## What this task involves
Transcribed word for word, the lines below from the one with "H680 sandal made" through the last line of the records form the answer; no picture is to be included.

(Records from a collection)
--
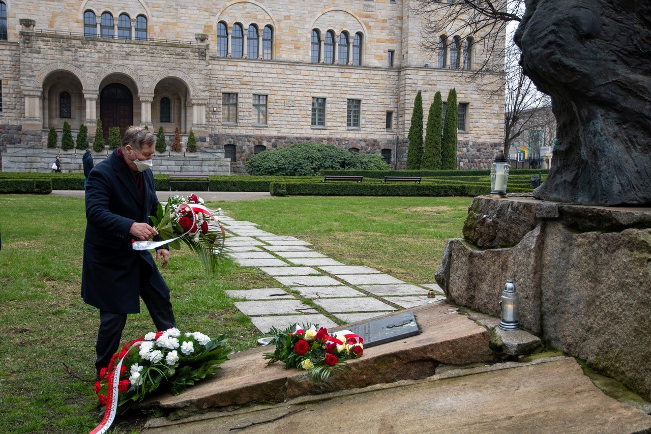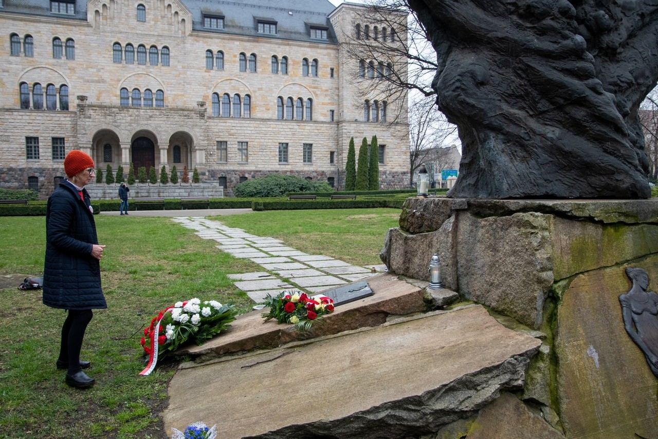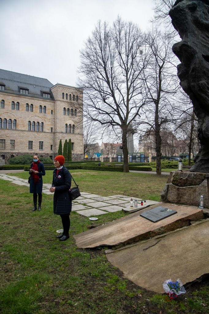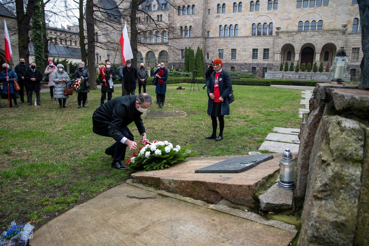 Po Mszy św. jej uczestnicy udali się pod pomnik Ofiar Katynia w Poznaniu, tak mocno związany z tą tragiczną rocznicą, gdzie po krótkiej modlitwie, którą poprowadził ks. Tadeusz Magas zostały złożone wieńce pod tablicą upamiętniającą katastrofę smoleńska przytwierdzoną do tego pomnika. Po odśpiewaniu Roty uroczystość została zakończona, a jej uczestnicy z coraz większą niecierpliwością oczekują na oficjalne podanie prawdziwej udokumentowanej przyczyny i wskazanie winnych zaniedbań tego wypadku lotniczego.
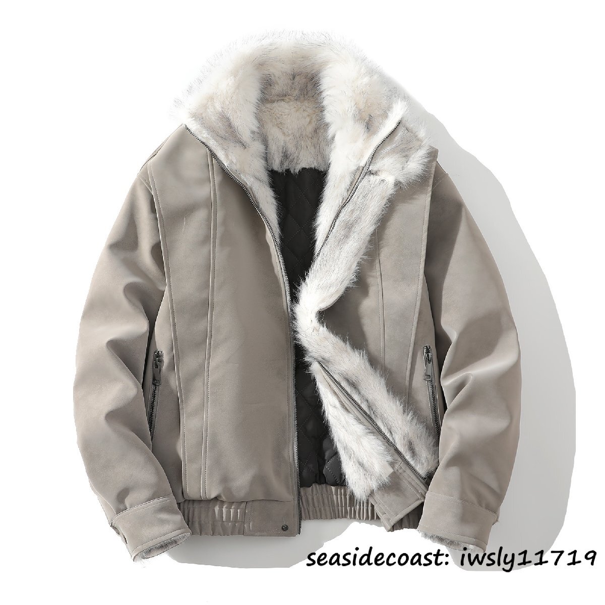- 入手困難■ムートンコート メンズ 中綿 ジャケット 保温防寒 抜群暖か ワークウェア ファーコート 毛皮 ブルゾン バイクウエア グレー 3XL
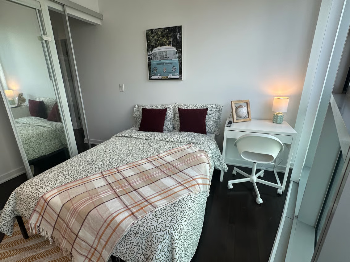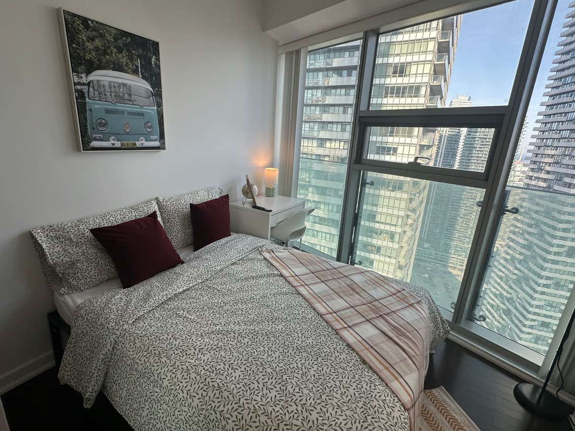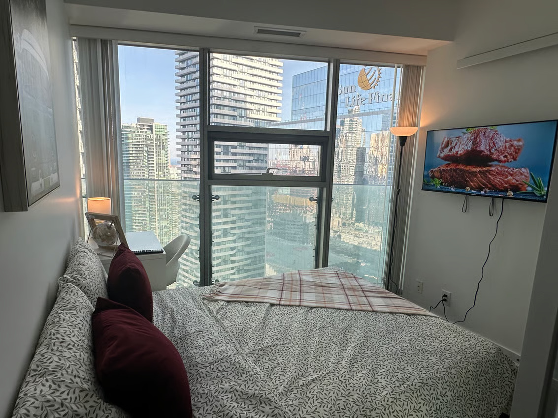 The Deluxe Room, situated in our luxury condo at the prime intersection of York St & Harbour St, embodies the epitome of elegance and sophistication in downtown Toronto. This fully furnished room is equipped with a 40-inch Smart TV, full-size bed, study desk, nightstand, catering to all your entertainment and comfort needs. Designed for those who seek a blend of luxury and functionality, the room is bathed in natural light from large windows.
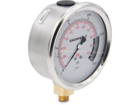 G4089L, Manomètre, 100 mm Face, Raccordement Vertical, Bain de glycérine, 1000 bar pression maximale
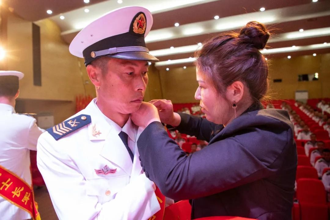 部队邀请军嫂为“兵王”换上新军衔
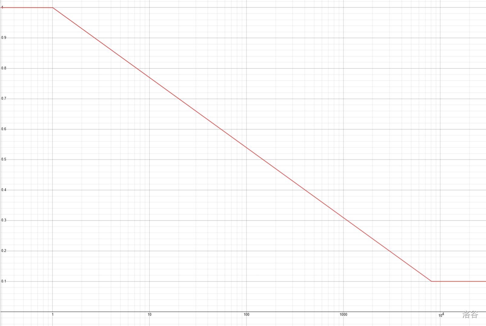 若你在结束交互前未能得出正确答案,你将不会获得该测试点的分数。否则,设该子任务分值为 ,你查询所耗费的价值为 ,你将获得 分。 的图象如下:
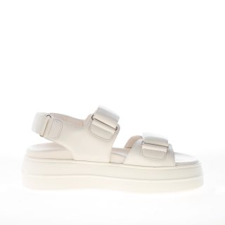 H680 sandal made in yogurt tone leather with two hook and loop bands at toe. Slingback closure with hook and loop strap. Rubber platform sole with height 4,5 cm
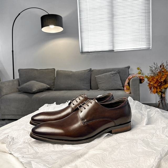 - メンズビジネスシューズ メンズシューズ 牛革 男性靴 シンプル 革靴 紐靴 フォーマル 本革 紳士靴 通勤 就活 コーヒー 26cm
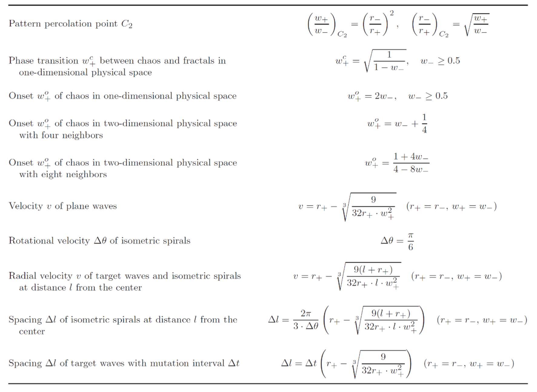 表1:复杂斑图、模式和现象的理论解析解。
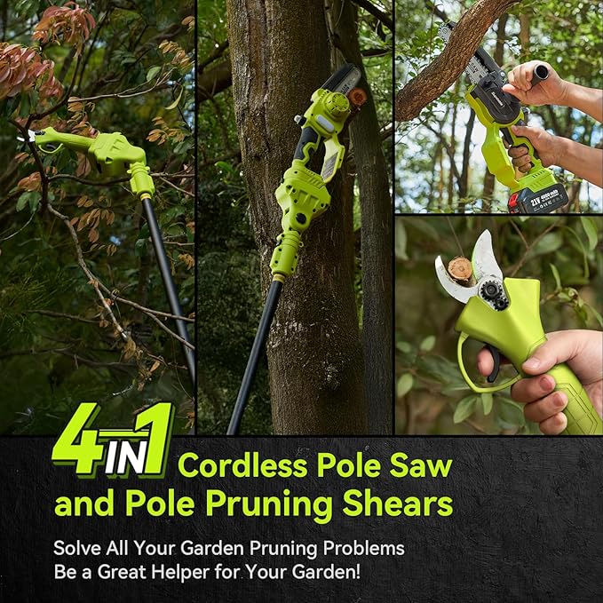 ✅Con la nostra Mini Motosega con Asta, Forbici e Doppia Batteria potrai potare alberi e rami senza fatica e in totale sicurezza, anche nei punti più alti!
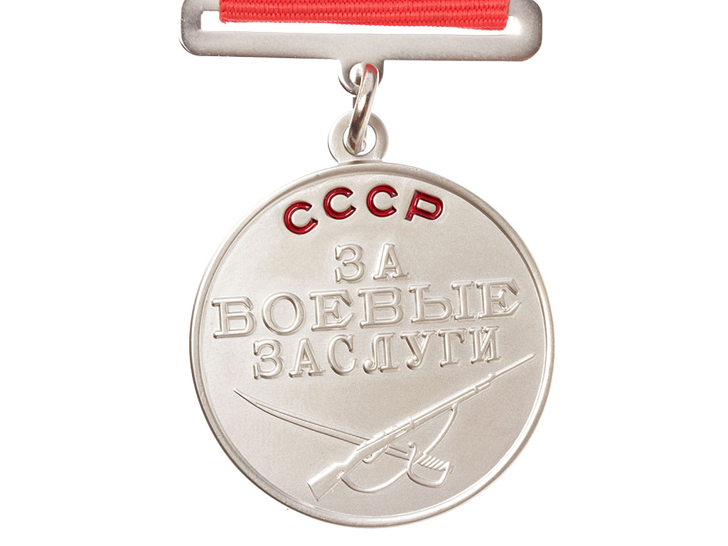 Высокого качества копия медали "За боевые заслуги". Данный вариант медали (на квадратной колодке) вручался с момента учреждения до осени 1943 года, когда ему на смену пришел вариант на пятиугольной колодке.
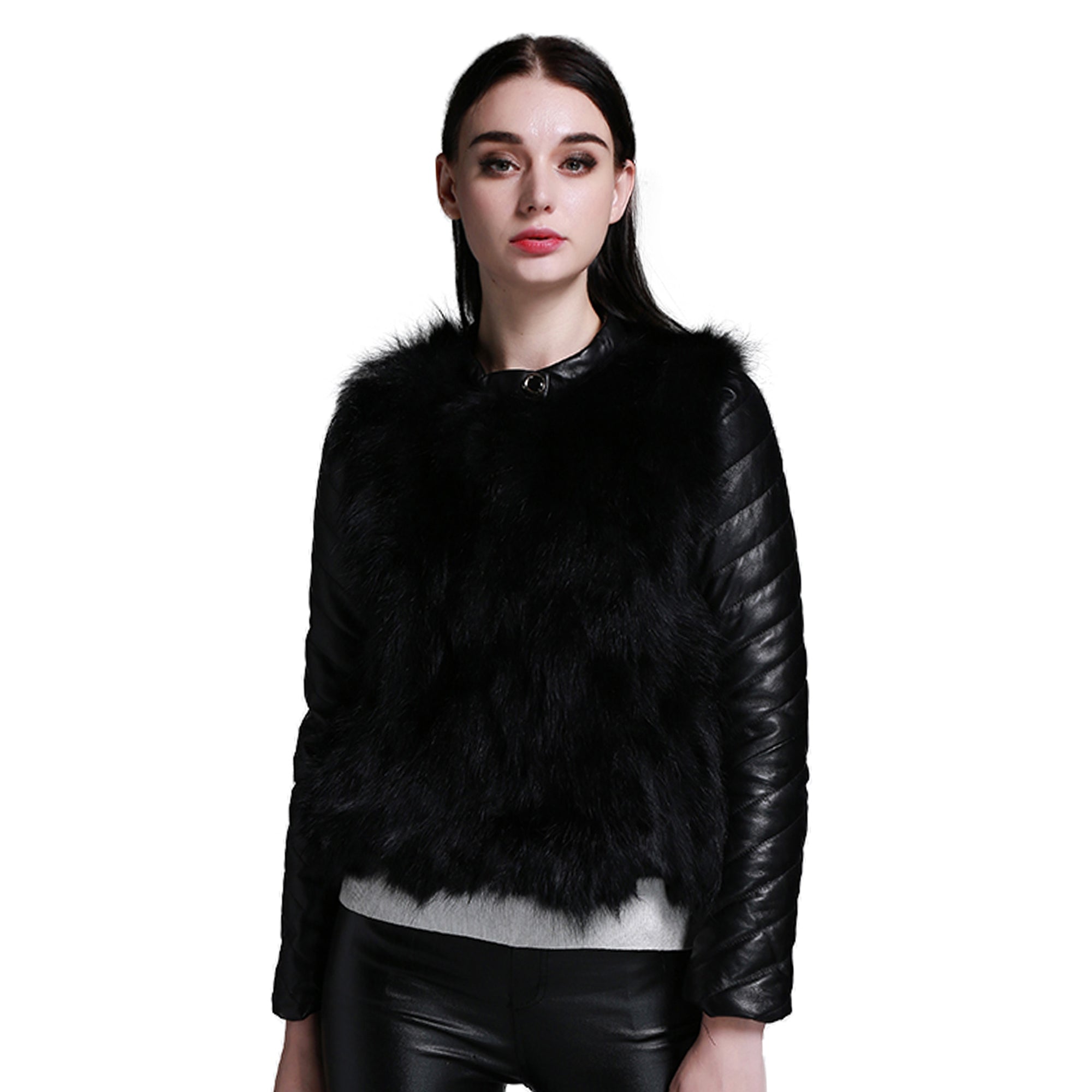 Materials:Raccoon fur + sheep leather sleeve with down stuffing
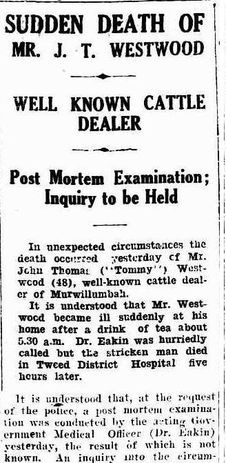 Sudden Death Of Mr JT Westwood: Well Known Cattle Dealer. Tweed Daily (Murwillumbah). 4 May 1932
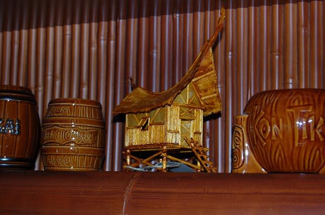 Chris (TornadoTiki), thanks so much for posting your photos. Hope you and George (TikiHardBop) are having spirited times this weekend in New Orleans at "Tales of the Cocktail." I'm looking forward to our next soiree at the Blowfish Bar, beach included at no extra charge. I see that Christina (metikigal) posted her reflections of the visit and some photos in her blog under "Micro Road Trip" at... http://themetikigal.blogspot.com/ teaKEY, appreciate your visit here. Julian's mural is indeed magic and must be seen in person to fully appreciate. If you're ever in the Central Florida vicinity, let me know... Tim (Swanky), we adore that Mai-Kai Mystery Bowl girl; you can see that she's in her own little alcove. Love to have you visit the Blowfish Bar anytime... maybe you can help me deplete my stock of St. Elizabeth Allspice Dram by way of Jasper's Jamaicans. -Tom |
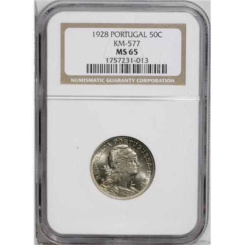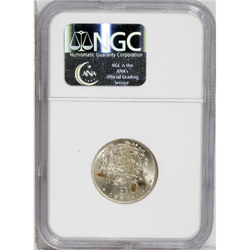 <B>Republic 50 Centavos 1928, </B></I>KM577, MS65 NGC, fully brilliant with some light toning on the reverse, rare early date in Mint State.
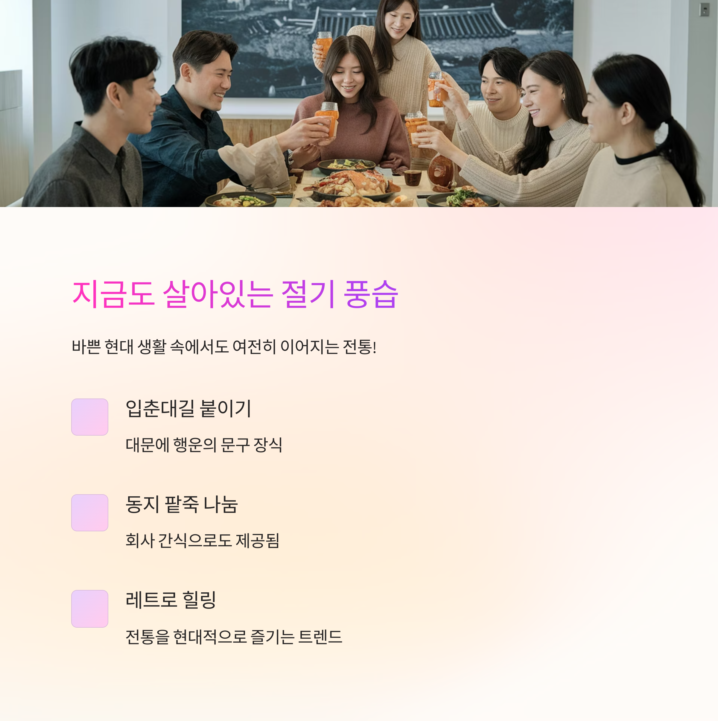 입춘엔 '입춘대길' 문구를 붙이고, 동지엔 팥죽을 나눠 먹는 풍습이 있어요. 요즘은 SNS 이벤트처럼 입춘 스티커 만들기나 레트로 팥죽 만들기 챌린지로 재해석되기도 하죠.
--
## Response area
 H680 sandal made in yogurt tone leather with two hook and loop bands at toe. Slingback closure with hook and loop strap. Rubber platform sole with height 4,5 cm
 - メンズビジネスシューズ メンズシューズ 牛革 男性靴 シンプル 革靴 紐靴 フォーマル 本革 紳士靴 通勤 就活 コーヒー 26cm
 表1:复杂斑图、模式和现象的理论解析解。
 ✅Con la nostra Mini Motosega con Asta, Forbici e Doppia Batteria potrai potare alberi e rami senza fatica e in totale sicurezza, anche nei punti più alti!
 Высокого качества копия медали "За боевые заслуги". Данный вариант медали (на квадратной колодке) вручался с момента учреждения до осени 1943 года, когда ему на смену пришел вариант на пятиугольной колодке.
 Materials:Raccoon fur + sheep leather sleeve with down stuffing
 Sudden Death Of Mr JT Westwood: Well Known Cattle Dealer. Tweed Daily (Murwillumbah). 4 May 1932
 Chris (TornadoTiki), thanks so much for posting your photos. Hope you and George (TikiHardBop) are having spirited times this weekend in New Orleans at "Tales of the Cocktail." I'm looking forward to our next soiree at the Blowfish Bar, beach included at no extra charge. I see that Christina (metikigal) posted her reflections of the visit and some photos in her blog under "Micro Road Trip" at... http://themetikigal.blogspot.com/ teaKEY, appreciate your visit here. Julian's mural is indeed magic and must be seen in person to fully appreciate. If you're ever in the Central Florida vicinity, let me know... Tim (Swanky), we adore that Mai-Kai Mystery Bowl girl; you can see that she's in her own little alcove. Love to have you visit the Blowfish Bar anytime... maybe you can help me deplete my stock of St. Elizabeth Allspice Dram by way of Jasper's Jamaicans. -Tom |
 <B>Republic 50 Centavos 1928, </B></I>KM577, MS65 NGC, fully brilliant with some light toning on the reverse, rare early date in Mint State.
 입춘엔 '입춘대길' 문구를 붙이고, 동지엔 팥죽을 나눠 먹는 풍습이 있어요. 요즘은 SNS 이벤트처럼 입춘 스티커 만들기나 레트로 팥죽 만들기 챌린지로 재해석되기도 하죠.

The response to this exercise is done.